Data section |
= Beginning of Section =

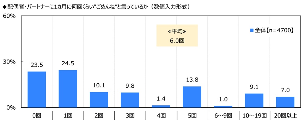 また、配偶者・パートナーに1カ月に何回くらい“ごめんね”と言っているか聞いたところ、「0回」(23.5%)や「1回」(24.5%)、「2回」(10.1%)、「5回」(13.8%)などに回答が分かれ、平均は6.0回でした。
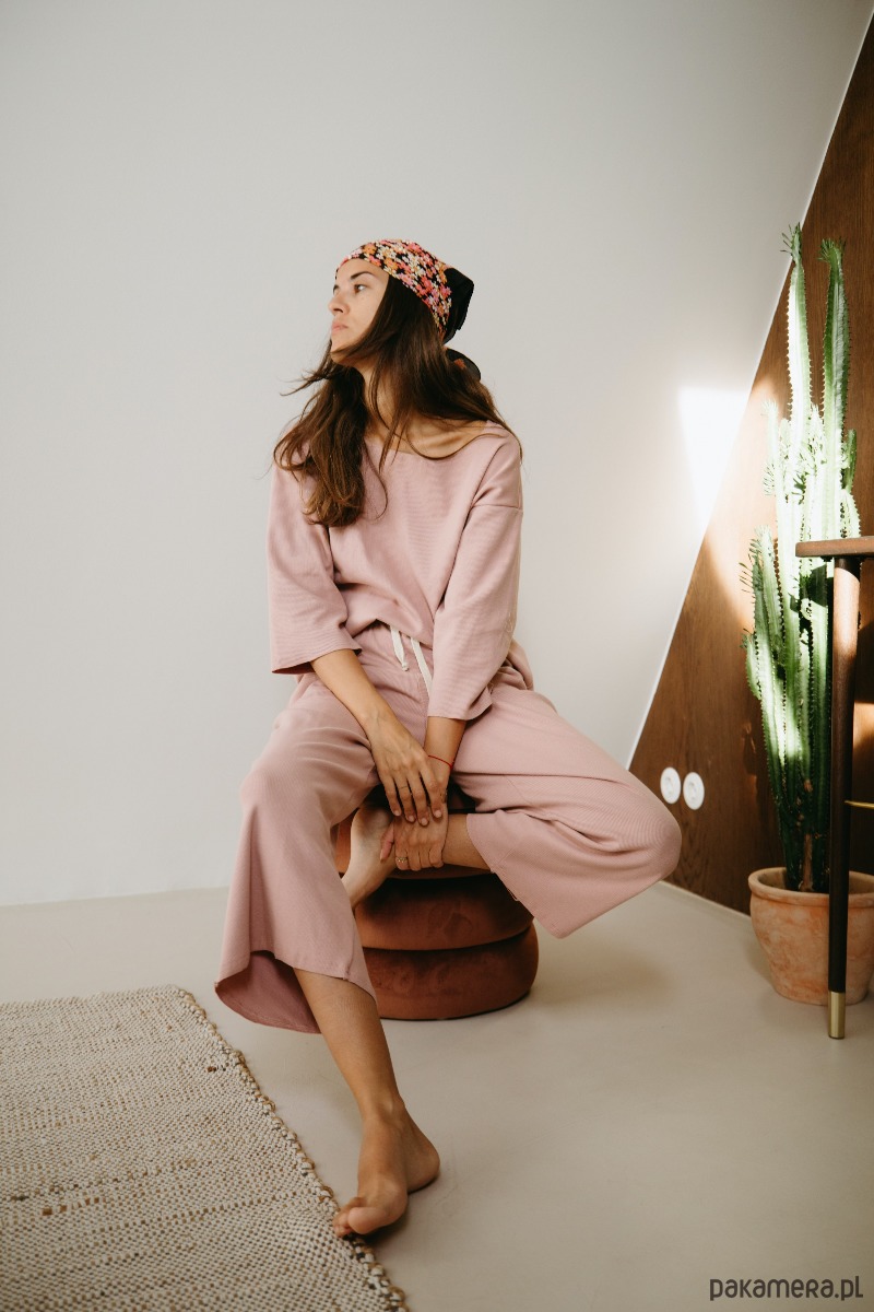Z jednej strony ultrawygodna, prążkowana dzianina....z drugiej, nie do końca dresowy krój. To przecież kompozycja doskonała na zwykłą/niezwykłą codzienność. Ma być wygodnie i pięknie, bo zasługujemy na to co najlepsze. Efekt końcowy zależy od dodatków, a tutaj możemy poszaleć! Minimalistyczny design zestawu pozwala naprawdę na wiele! Trampki, chusta, oversizowy płaszcz.....na co tylko masz ochotę.
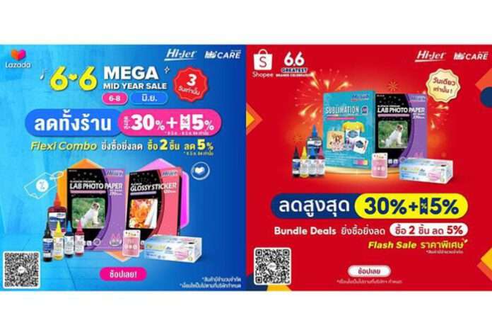 Hi-jet x Lazada 6.6 MEGA MID YEAR SALE: ลดราคาผลิตภัณฑ์ Hi-jet ทั้งกระดาษและหมึกพิมพ์ รวมถึงผลิตภัณฑ์แบรนด์ Hi-CARE ลดราคาทั้งร้านสูงสุดถึง 30 % ระหว่างวันที่ 6 – 8 มิถุนายน 64 เท่านั้นยังไม่พอ พร้อมพบกับช่วง Flexi Combo ยิ่งซื้อยิ่งลด เมื่อซื้อ 2 ชิ้นลด 5% แล้ว ยังมีคูปองส่วนลดเพิ่มสูงสุด 5% เมื่อซื้อสินค้าครบ 500 บาท อีกด้วย> (เฉพาะวันที่ 6 มิถุนายน 64) โดยลูกค้าสามารถเข้าไปเลือกซื้อสินค้าได้ที่: https://www.lazada.co.th/shop/papawin

= End of Section =

What you should do | Your answer must be the full listing, reproduced word for word, without its pictures.

Reply to the task |
 また、配偶者・パートナーに1カ月に何回くらい“ごめんね”と言っているか聞いたところ、「0回」(23.5%)や「1回」(24.5%)、「2回」(10.1%)、「5回」(13.8%)などに回答が分かれ、平均は6.0回でした。
Z jednej strony ultrawygodna, prążkowana dzianina....z drugiej, nie do końca dresowy krój. To przecież kompozycja doskonała na zwykłą/niezwykłą codzienność. Ma być wygodnie i pięknie, bo zasługujemy na to co najlepsze. Efekt końcowy zależy od dodatków, a tutaj możemy poszaleć! Minimalistyczny design zestawu pozwala naprawdę na wiele! Trampki, chusta, oversizowy płaszcz.....na co tylko masz ochotę.
 Hi-jet x Lazada 6.6 MEGA MID YEAR SALE: ลดราคาผลิตภัณฑ์ Hi-jet ทั้งกระดาษและหมึกพิมพ์ รวมถึงผลิตภัณฑ์แบรนด์ Hi-CARE ลดราคาทั้งร้านสูงสุดถึง 30 % ระหว่างวันที่ 6 – 8 มิถุนายน 64 เท่านั้นยังไม่พอ พร้อมพบกับช่วง Flexi Combo ยิ่งซื้อยิ่งลด เมื่อซื้อ 2 ชิ้นลด 5% แล้ว ยังมีคูปองส่วนลดเพิ่มสูงสุด 5% เมื่อซื้อสินค้าครบ 500 บาท อีกด้วย> (เฉพาะวันที่ 6 มิถุนายน 64) โดยลูกค้าสามารถเข้าไปเลือกซื้อสินค้าได้ที่: https://www.lazada.co.th/shop/papawin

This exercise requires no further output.